La sanction a été prononcée le 5 février : quatre mois de prison avec sursis contre une mère de famille pour l’absentéisme scolaire de son fils, un collégien d’Escaudain (Nord). Depuis, l’information a été reprise en boucle par les médias. Et pourtant, la raison invoquée par la justice dépasse la simple question de la présence - ou non - à l’école. « La condamnation est intervenue sur la base de la soustraction d’un parent à ses obligations légales au point de compromettre gravement la santé, la sécurité, la moralité ou l’éducation de l’enfant », explique l’avocate Valérie Piau. En droit, elle aurait donc pu être plus sévère : l’article 227-17 du Code pénal prévoit jusqu’à deux ans d’emprisonnement et 30 000 euros d’amende. Il n’empêche, ces quatre mois de sursis à l’encontre d’une mère dont l’enfant n’a pratiquement pas mis les pieds dans son collège en 2012-2013, récidivant en 2013-2014 alors qu’il redoublait sa 6e, ont troublé l’opinion.

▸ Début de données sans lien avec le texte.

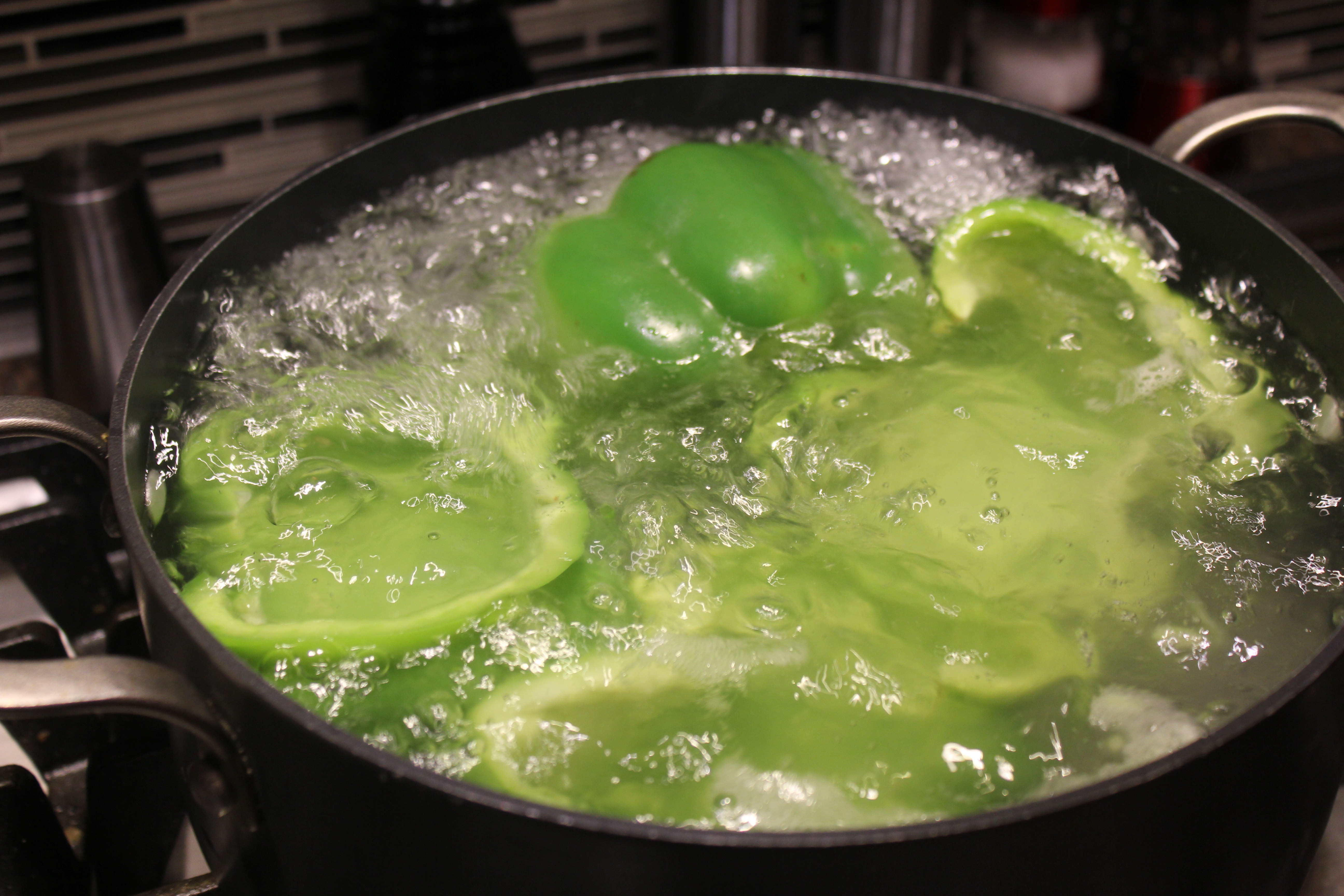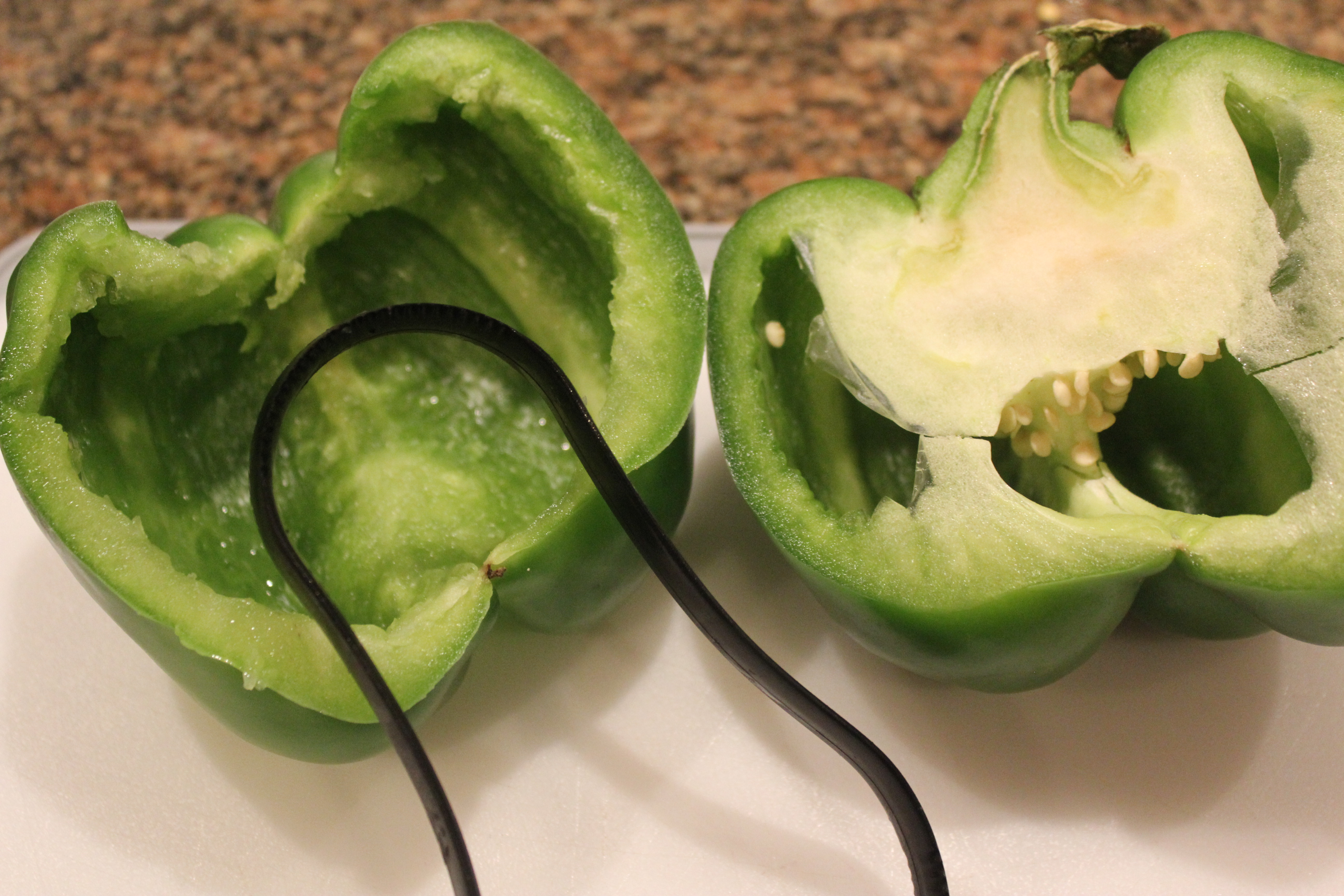 Slice your peppers in half, lengthwise, and remove the seeds and membranes (love my Pampered Chef Scoop Loop for this, and it’s only $5.50!)

Au ministère de l’éducation nationale, on a d’abord évoqué « un fait sans précédent », avant de faire machine arrière. « Un premier cas a été rapporté il y a cinq ans », reconnaissait-on mardi matin dans l’entourage de la ministre, Najat Vallaud-Belkacem. « C’est beaucoup d’honneur que nous a fait l’éducation nationale, glisse le procureur de la République de Valenciennes, François Pérain, avant sa conférence de presse ce 10 février à midi. Nous avons quatre à cinq condamnations de ce genre par an, ici, et je doute que Valenciennes soit une exception ». La précédente affaire médiatisée remonte à mai 2010, quand une peine de deux mois de prison avec sursis avait été prononcée à l’encontre d’une mère de famille de Chauny (Aisne), pour l’absentéisme répété de ses deux filles. Agées de 14 et 15 ans, ces collégiennes avait manqué 279 demi-journées de cours pour l’une, et 94 pour l’autre, durant l’année scolaire 2008-2009. Le collégien d’Escaudain a, lui, manqué 79 demi-journées rien que pour le premier trimestre de sa 6e redoublée, selon le parquet de Valenciennes.
Bronchites récurrentes
L’avocate Valérie Piau n’a pas, elle non plus, d’autres exemples en tête. « L’obligation scolaire porte de 6 à 16 ans, rappelle cette spécialiste du droit de l’éducation, mais c’est très rare d’en arriver au pénal en cas d’absentéisme, car l’institution prévoit d’abord de convoquer les parents, avec mise en demeure et parfois aussi signalement auprès des services sociaux. Ces étapes, qui ont valeur d’alerte, conduisent la plupart du temps à une régularisation de la situation ». Dans le cas d’Escaudain, ces étapes n’ont pas été brûlées, mais elles se sont révélées infructueuses, assure le procureur. La mère du collégien aurait refusé tout contact avec l’éducation nationale, ne répondant ni aux propositions des services éducatifs – suivi d’un atelier de parentalité – ni même aux injonctions. Entendue plusieurs fois par la police, elle aurait invoqué les bronchites récurrentes de son fils, un motif invalidé par le rapport des services médicaux. Le 5 février, elle n’était pas présente lors de son procès.
Rares en France, les peines de prison pour cause d’absentéisme sont beaucoup plus fréquentes en Grande-Bretagne mais n’ont pas fait leurs preuves : au cours des années 2000, 133 parents d’élèves ont été emprisonnés… sans pour autant freiner le phénomène. Au contraire, le taux d’absentéisme a, dans le même temps, augmenté de 0,7 à 1 %.